Further, the described features and structures may be combined in any suitable manner in one or more embodiments. In the following description, numerous specific details are provided to provide a thorough understanding of embodiments of the present application. However, those skilled in the art should realize that the technical solution of the present application can also be practiced without one or more of the specific details, or by adopting other structures, components, etc. In other instances, well-known structures or operations are not shown or described in detail to avoid obscuring the disclosure.

Please refer to FIG. 1 , which is a schematic structural diagram of an embodiment of the electronic device of the present application. The electronic device 1 includes an under-screen optical detection system 10 for detecting external objects 2 . The under-screen optical detection system 10 includes a protective layer 12 , a display screen 14 and an optical detection system 16 located below the display screen 14 . The display screen 14 is located below the protective layer 12 . The display screen 14 is used to display images. The protective layer 12 can transmit the light emitted by the display screen 14 for displaying images and protect the display screen 14 from damage. The optical detection system 16 is used to receive light from the external object 2 through the protective layer 12 and the display screen 14, and convert the received light into corresponding electrical signals to perform corresponding information sensing. The optical detection system 16 is, for example, used to perform sensing of biometric information, such as but not limited to fingerprint information, palmprint information and other texture feature information, and/or blood oxygen information, heartbeat information, and pulse information. and other living body information. However, the present application is not limited to this, and the optical detection system 16 can also be used to perform other information sensing, such as depth information sensing, proximity sensing, and so on. In this application, the external object 2 is a user's finger and the optical detection system 16 performs fingerprint sensing as an example for explanation.

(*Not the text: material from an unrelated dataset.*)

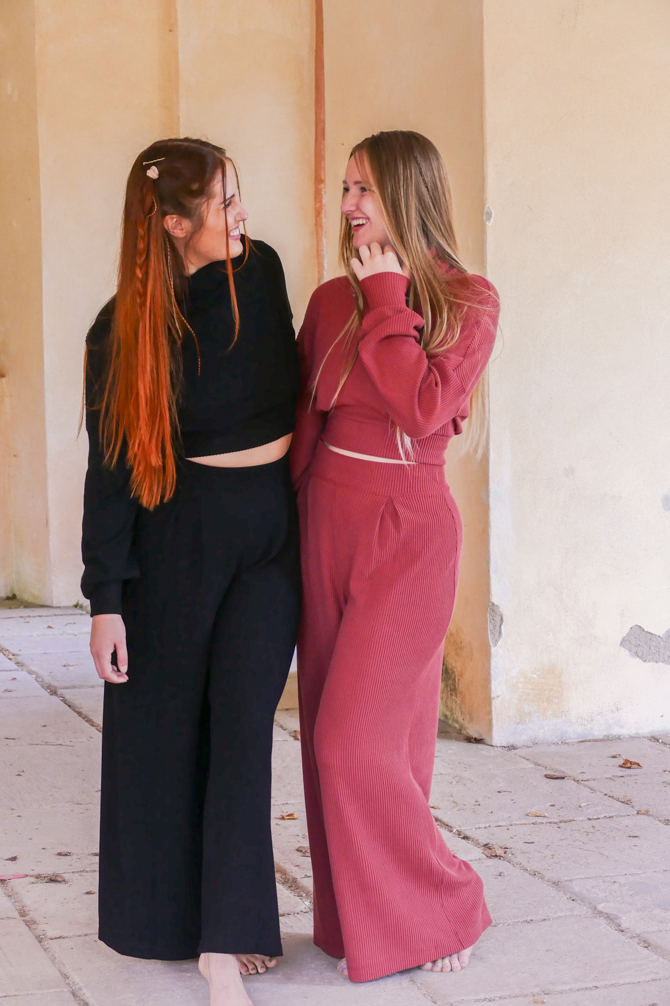 Der hochwertige Stoff sorgt für ein angenehmes Hautgefühl. Der weite Beinschnitt und der hohe Bund bieten Wärme und Bewegungsfreiheit, während Abnäher und Kellerfalten der Hose eine feminine Note verleihen. Oberflächen-/Bediengefühl: weich, anschmiegsam & komfortabel – ideal für Alltag, Freizeit oder entspannte Stunden zuhause.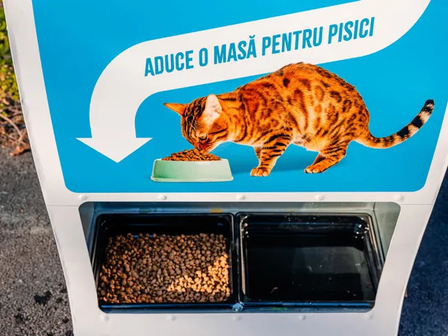 Două dispozitive inteligente pentru hrănirea pisicilor fără stăpân au fost amplasate în București

The electronic device 1 is, for example, but not limited to suitable types of electronic products such as consumer electronic products, household electronic products, vehicle-mounted electronic products, financial terminal products, etc. Among them, consumer electronic products include mobile phones, tablet computers, notebook computers, desktop monitors, all-in-one computers, etc. Home electronic products include smart door locks, TVs, refrigerators, etc. Vehicle-mounted electronic products include vehicle navigation systems, vehicle-mounted touch interactive devices, and the like. Financial terminal products include ATM machines, self-service terminals, etc.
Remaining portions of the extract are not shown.